Monday, June 5, 2017

It's lonely at the deep end

It has been a while since I posted....not that anyone would notice, with the exception of my dear friend Margaret...Hi Margaret!  :) Oh, I have had a lot to say, just no urgency to say it.  A lack of fire in my belly you might say.  Uninspired.  

The Adoption process is moving along....slowly.  But that is how it goes when you are going through the state I suppose. And this is ok, we need the time for preparations!  And I am not just talking about the house.  Spiritually and emotionally....we are praying for God to prepare us for the child and the child for us.  (I hope there is one out there that will want us!)

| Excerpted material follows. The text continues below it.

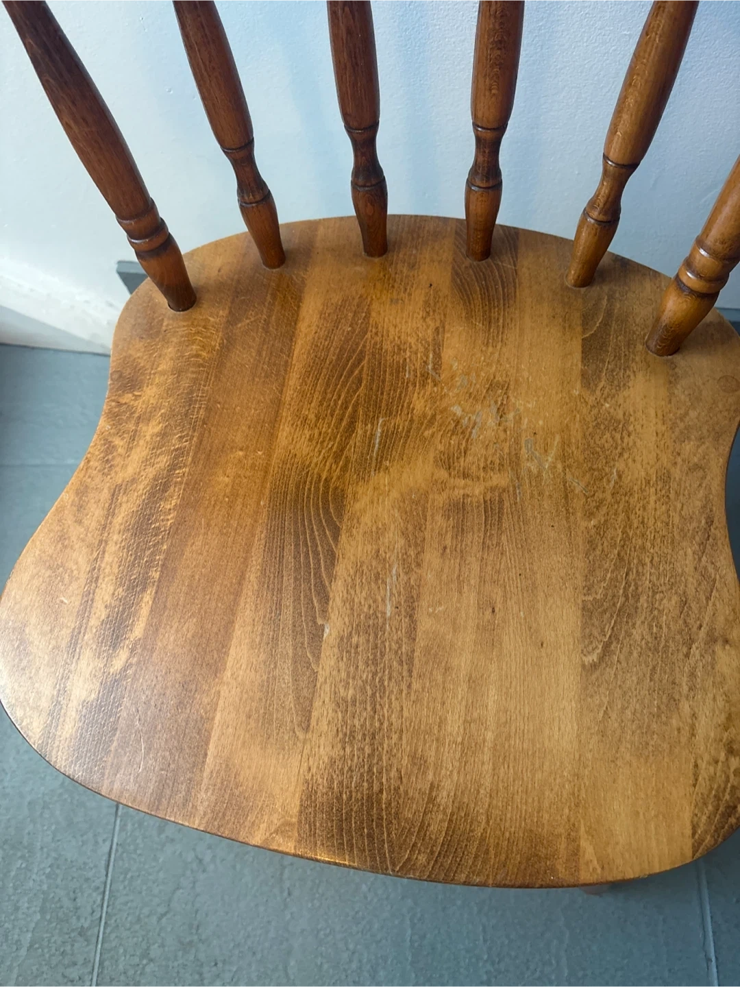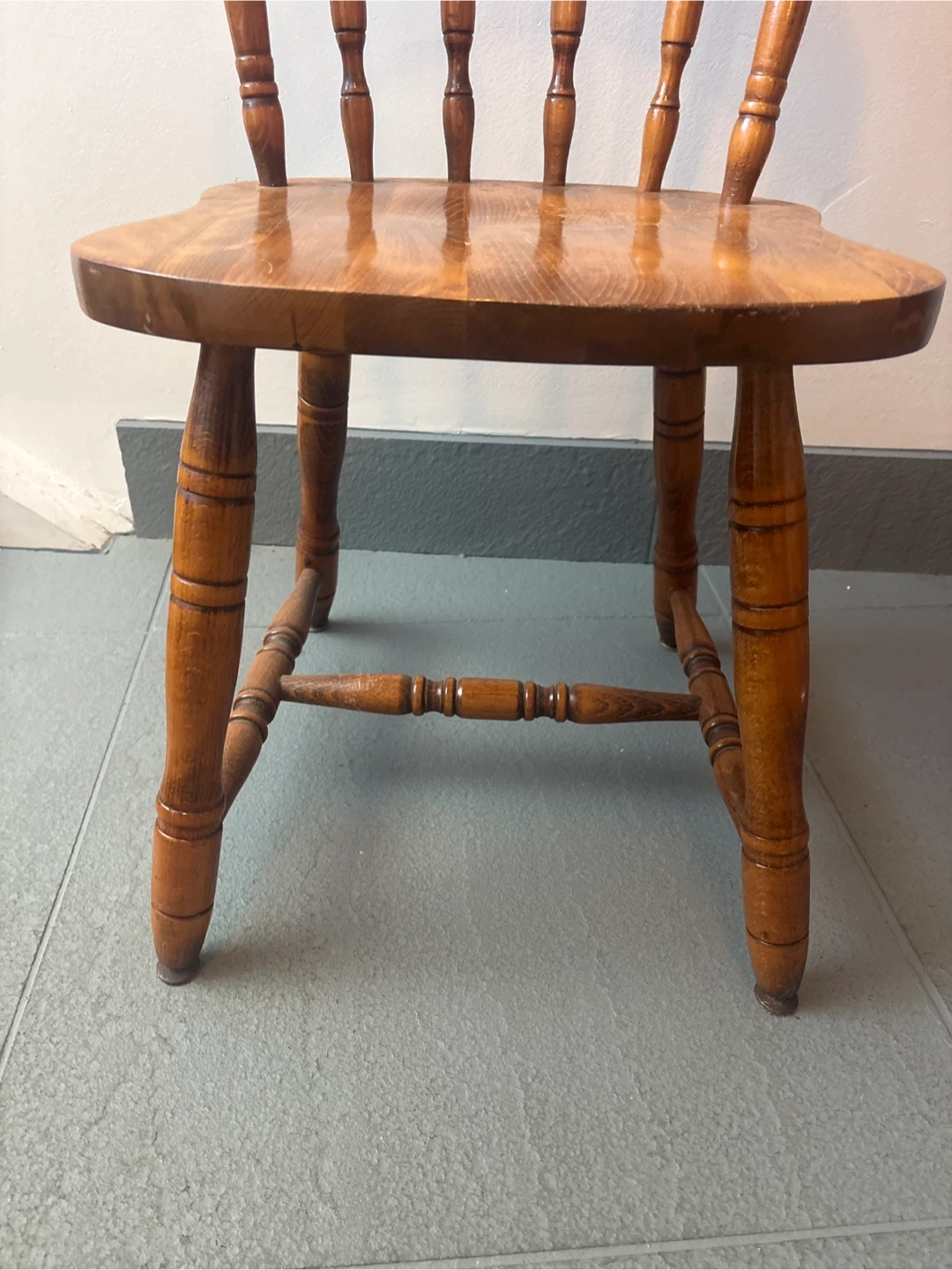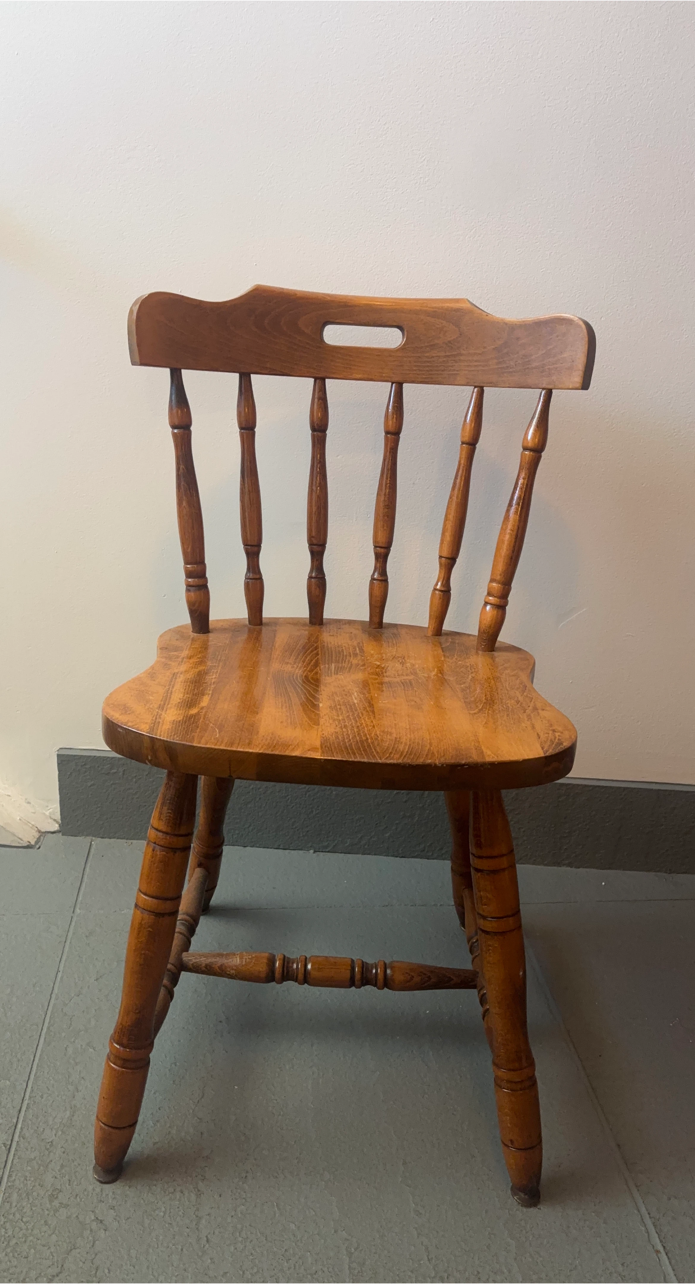 Here's a classic wooden chair with a spindle back design! It's a sturdy piece with a warm, natural wood finish. Perfect for adding a touch of traditional charm to your dining area or kitchen
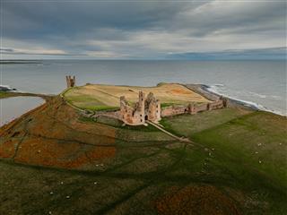 Dunstanburgh Castle is a 14th-century fortification on the coast of Northumberland in northern England, between the villages of Craster and Embleton.

But I want to make a wild hair turn in the road here for this post.  Something Dwight and I have been struggling with for quite some time and are frustrated afresh with is the lack of true connection we feel at church.  I googled this topic today with the words, "I don't feel connected at church" and boys howdy, it seems there are a lot of other people who feel the exact same way we do!  (see the comments from the blog:

It's frustrating! In this dark, cold world, you would think that if there was any place you could feel safe, loved and accepted, it would be in the church.  Isn't that where hurting people are supposed to run to to find compassion and healing? With the people of God?  Yet, we have found time after time, that after the initial "Hi, we're glad you are here visiting with us, have a loaf of banana bread" has worn off, most people do not really even want to engage with you at all, let alone at a deep level of mutual honesty and brotherly communion.  And that is what I crave.  Sure, I go to church to worship God and hear His word taught.  But I seem to leave the church feeling rather disregarded and empty most of the time.  Can I get a witness?  Why are we so cold and detached to one another?  I tell you, I find more cordiality and friendliness standing in line at the grocery store with a stranger than I feel at the House of God sometimes.  WHAT IS WRONG WITH THIS PICTURE?!  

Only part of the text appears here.